Regarding the attributes of female doctors, 79.0% opinioned that female doctors have better communication ability when it come to patient doctors relationship and interactions. Other significant attributes were knowledge of female doctors on women health issues, their experience and technical expertise, their sympathy for the patients and their religion. In similar studies conducted in other parts of the world, patients believe that female Obstetrician/Gynecologist is better. Amongst the reasons given includes: the female doctor’s passion for her patients, her humanitarian values, her knowledge and skills.[18, 21, 23, 24].

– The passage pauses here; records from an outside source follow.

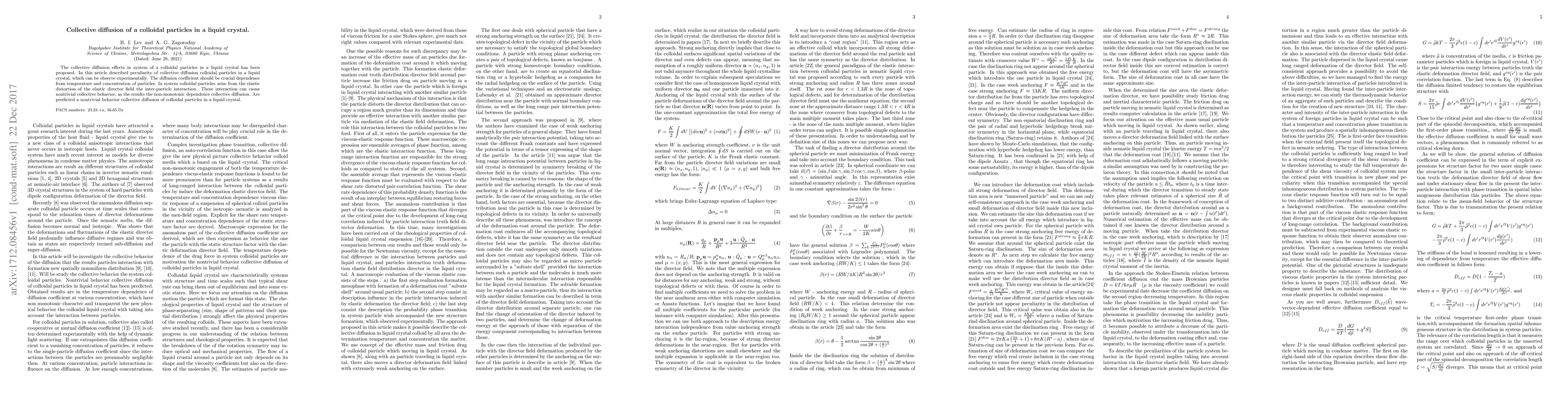 This paper investigates the collective diffusion behavior of colloidal particles within a liquid crystal, highlighting its dependence on temperature and particle concentration. The study predicts non-monotonic collective diffusion due to inter-particle interactions arising from elastic distortions in the liquid crystal's director field.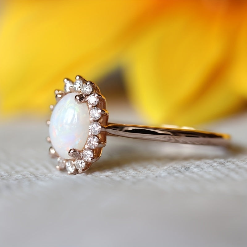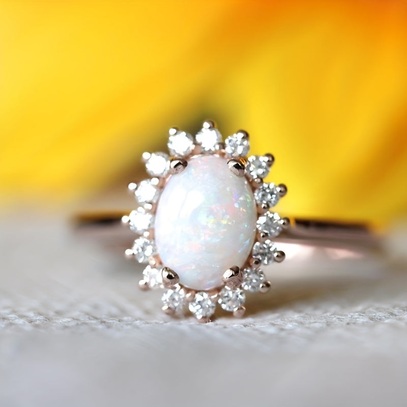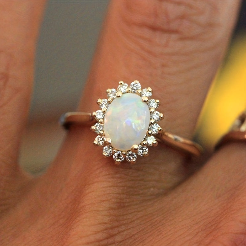 This gorgeous ring features an egg-shaped opal inlay, making it a perfect accessory for parties or everyday wear. Give this ring as a birthday or Christmas gift to your girl.
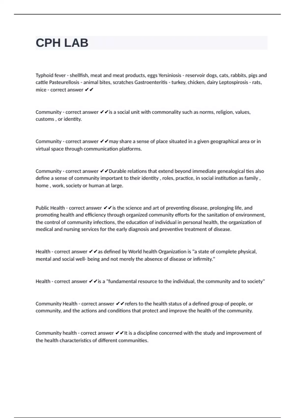 CPH LAB EXAM bundled!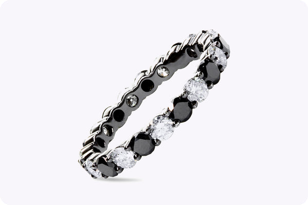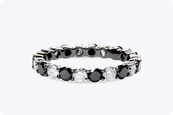 2.06 Carats Total Round Cut Alternating Black and White Diamond Eternity Wedding Band Ring in Black Gold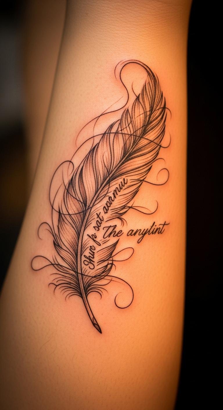 Feathers with quotes add words to your flight. Write a short phrase and feather on paper—use a pen for free. Choose uplifting words like “fly high.” Put it on your forearm for motivation. This combo speaks freedom directly. Bold this: feather with quote personalizes deeply. Jot ideas with household items. Keep text simple to save on ink. Care for it routinely. Feathers here carry messages, driving action. Sketch on paper before ink. This method makes statements affordable.

This study further established statistical relationship between the demographic variable of the respondents and their preference for their health provider’s gender. The age, ethnicity, religious beliefs and the marital status of the patient play a significant role in the choice of the gynecologist/obstetrician (p value <0.05). In the analysis of the strength of the relationship between provider’s preference and the predicting variables the age and religion of the women are the main predicting factors. Women between 20-29 years are about eight times more likely to see female doctor if giving the option(Table 5), while women between 30-39 years and those between 10-19 are three times and twice more likely to see male providers respectively. The Muslim women if given the option are more likely to prefer a female doctor to their male counterparts. From the mean age of the respondents (29.4 SD ± 11.2 years) and the marital status, it seems that the newly married women will prefer female health providers, and those who have stayed longer in marriage will prefer to see male health providers. This is comparable to findings from other studies where single women and women who have had children tend to prefer male gynecologists [25, 26]. On the contrary; the educational level of the women does not have any significant relationship to their preference for their health provider’s gender.

5. Conclusions

Majority of women who attends Obstetrics/ Gyneacology clinic are often seen by male gynecologist/ obstetricians, but most of them will prefer female gynecologist/obstetricians if giving the choice. The age and religion of women are the main contributing factors predicting provider’s gender preference.

Recommendations

We recommended that the Muslim women should be encourage to specialize in Obstetrics/Gyneacology to meet the needs of female Muslim Patients

Competing Interests

The authors declare no conflict of interest.